*** PROVIDED RECORDS ***

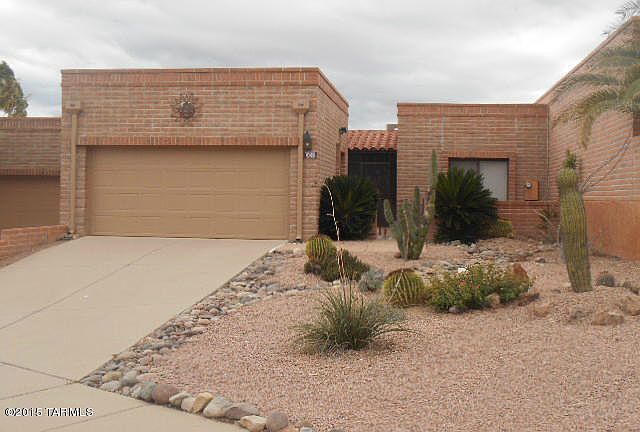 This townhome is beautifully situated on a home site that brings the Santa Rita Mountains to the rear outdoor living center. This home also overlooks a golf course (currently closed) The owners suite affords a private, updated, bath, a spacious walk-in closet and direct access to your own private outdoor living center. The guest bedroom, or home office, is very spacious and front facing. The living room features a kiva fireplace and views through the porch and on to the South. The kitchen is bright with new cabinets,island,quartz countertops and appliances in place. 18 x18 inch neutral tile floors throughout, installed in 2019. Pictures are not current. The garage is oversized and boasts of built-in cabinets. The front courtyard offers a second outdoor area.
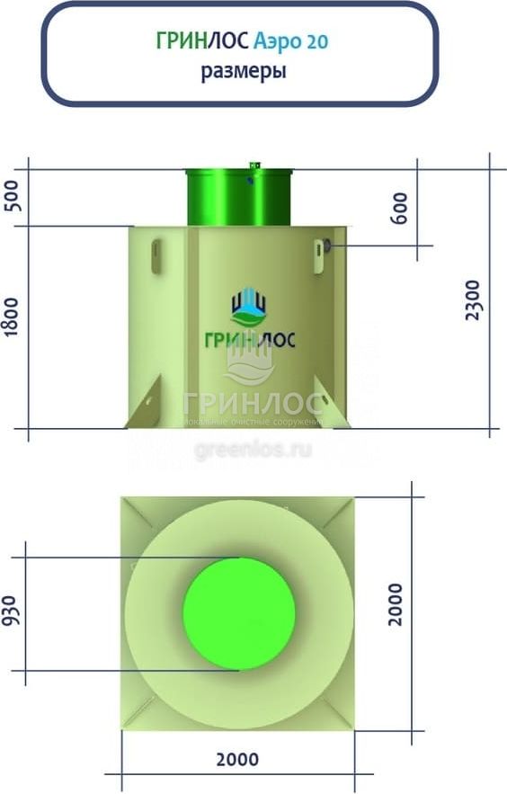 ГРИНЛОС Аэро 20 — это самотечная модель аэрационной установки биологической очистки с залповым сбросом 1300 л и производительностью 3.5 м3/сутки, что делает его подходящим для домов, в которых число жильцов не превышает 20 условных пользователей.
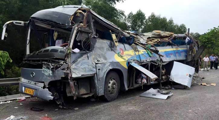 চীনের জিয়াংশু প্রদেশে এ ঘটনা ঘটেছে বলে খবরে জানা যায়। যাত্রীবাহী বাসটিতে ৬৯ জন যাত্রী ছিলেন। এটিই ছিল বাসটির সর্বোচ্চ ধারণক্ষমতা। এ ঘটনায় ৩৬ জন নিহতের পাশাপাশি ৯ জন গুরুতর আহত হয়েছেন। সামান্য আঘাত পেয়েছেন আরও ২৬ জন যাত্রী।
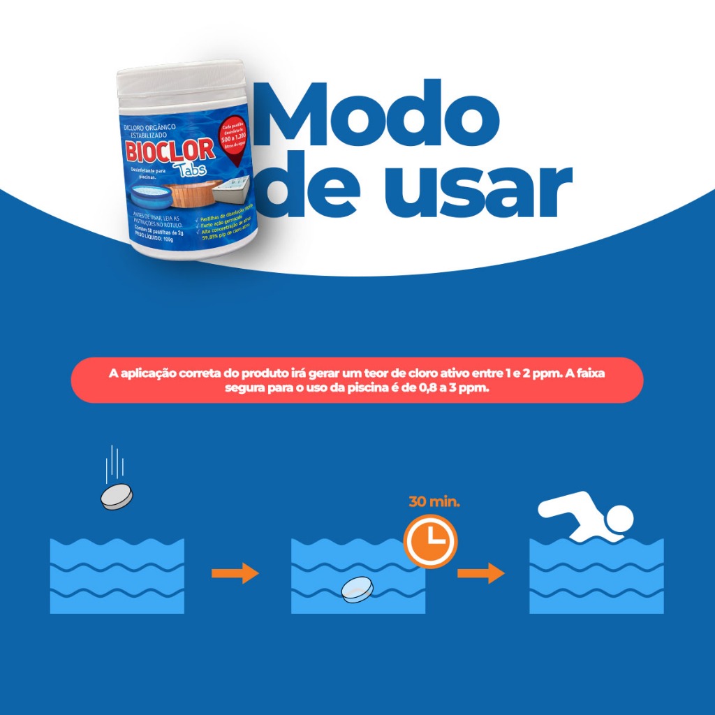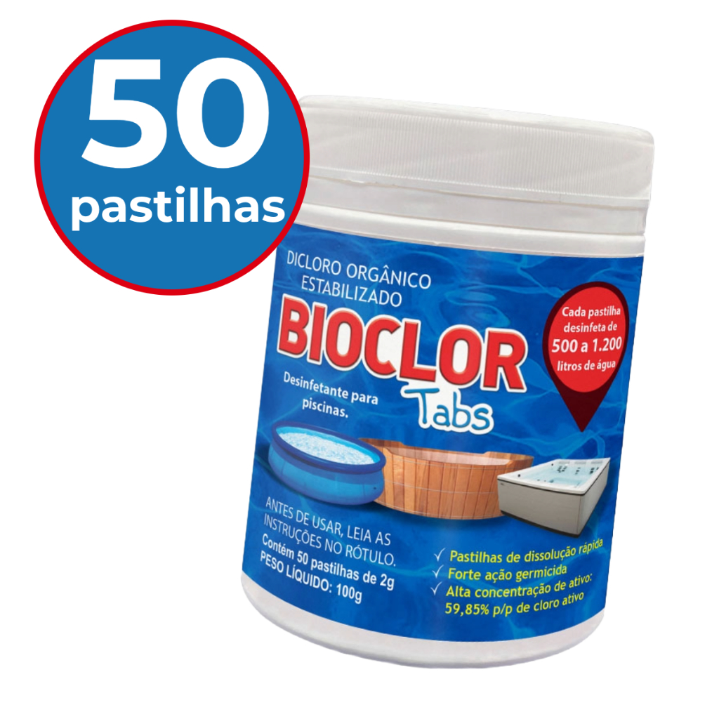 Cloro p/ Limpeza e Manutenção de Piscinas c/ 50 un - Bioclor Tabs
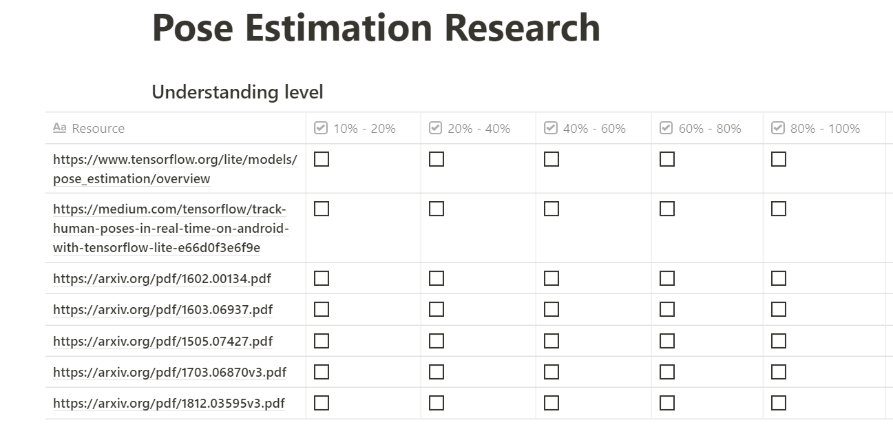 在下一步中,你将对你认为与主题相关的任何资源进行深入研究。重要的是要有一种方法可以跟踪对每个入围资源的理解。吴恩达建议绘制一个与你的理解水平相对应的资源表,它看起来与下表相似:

*** End of PROVIDED RECORDS ***

▸ INSTRUCTIONS TO FOLLOW: Output the entries exactly as they appear, with no pictures included.

▸ ANSWER BOX:
 This townhome is beautifully situated on a home site that brings the Santa Rita Mountains to the rear outdoor living center. This home also overlooks a golf course (currently closed) The owners suite affords a private, updated, bath, a spacious walk-in closet and direct access to your own private outdoor living center. The guest bedroom, or home office, is very spacious and front facing. The living room features a kiva fireplace and views through the porch and on to the South. The kitchen is bright with new cabinets,island,quartz countertops and appliances in place. 18 x18 inch neutral tile floors throughout, installed in 2019. Pictures are not current. The garage is oversized and boasts of built-in cabinets. The front courtyard offers a second outdoor area.
 ГРИНЛОС Аэро 20 — это самотечная модель аэрационной установки биологической очистки с залповым сбросом 1300 л и производительностью 3.5 м3/сутки, что делает его подходящим для домов, в которых число жильцов не превышает 20 условных пользователей.
 চীনের জিয়াংশু প্রদেশে এ ঘটনা ঘটেছে বলে খবরে জানা যায়। যাত্রীবাহী বাসটিতে ৬৯ জন যাত্রী ছিলেন। এটিই ছিল বাসটির সর্বোচ্চ ধারণক্ষমতা। এ ঘটনায় ৩৬ জন নিহতের পাশাপাশি ৯ জন গুরুতর আহত হয়েছেন। সামান্য আঘাত পেয়েছেন আরও ২৬ জন যাত্রী।
 Cloro p/ Limpeza e Manutenção de Piscinas c/ 50 un - Bioclor Tabs
 在下一步中,你将对你认为与主题相关的任何资源进行深入研究。重要的是要有一种方法可以跟踪对每个入围资源的理解。吴恩达建议绘制一个与你的理解水平相对应的资源表,它看起来与下表相似:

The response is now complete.